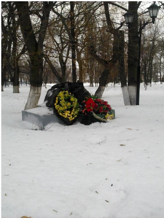
Фото 2015 года
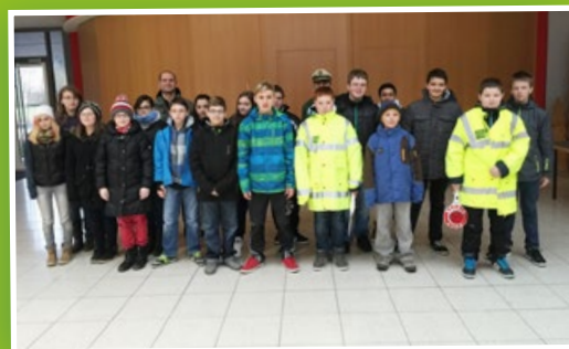
▲ Schülerlotsenausbildung: Ein Beitrag zur Verkehrssicherheit
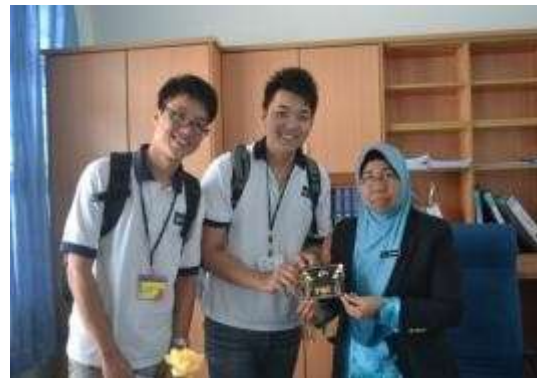
我们与校长的合照
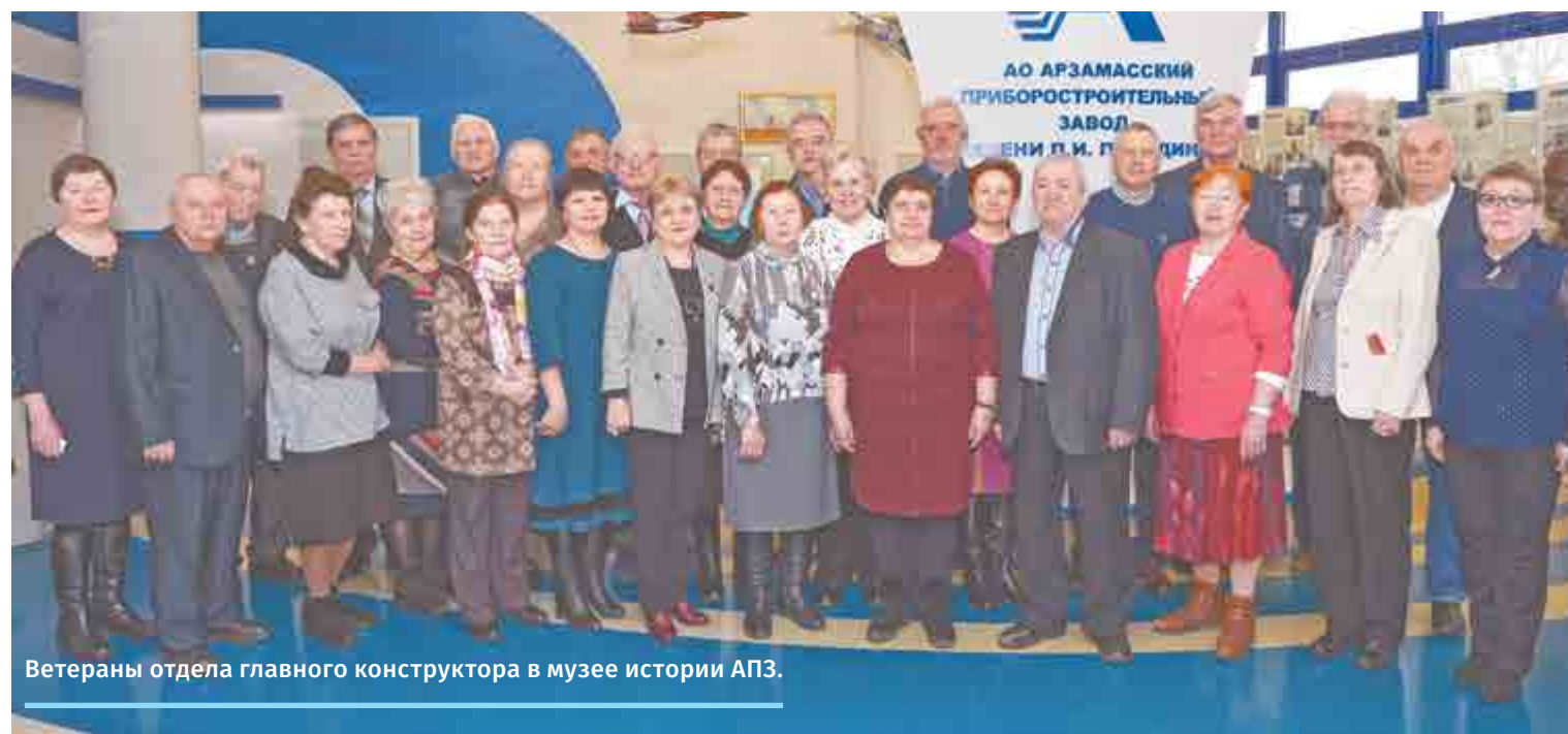
Ветераны отдела главного конструктора в музее истории АПЗ.

Гости прошли по конструкторскому бюро, где когда-то работали, поговорили с коллегами, познакомились с молодыми конструкторами. Ветераны отмечали заводские новшества, интересовались успехами новых поколений заводчан, радовались достижениям своих бывших коллег и учеников. В кабинете начальника КБ №1 бывший его руководи-

|---|

(Task brief): Pictures are to be excluded; the records themselves are to be reproduced exactly.

(Expected output):
Фото 2015 года
▲ Schülerlotsenausbildung: Ein Beitrag zur Verkehrssicherheit
我们与校长的合照
Ветераны отдела главного конструктора в музее истории АПЗ.

Гости прошли по конструкторскому бюро, где когда-то работали, поговорили с коллегами, познакомились с молодыми конструкторами. Ветераны отмечали заводские новшества, интересовались успехами новых поколений заводчан, радовались достижениям своих бывших коллег и учеников. В кабинете начальника КБ №1 бывший его руководи-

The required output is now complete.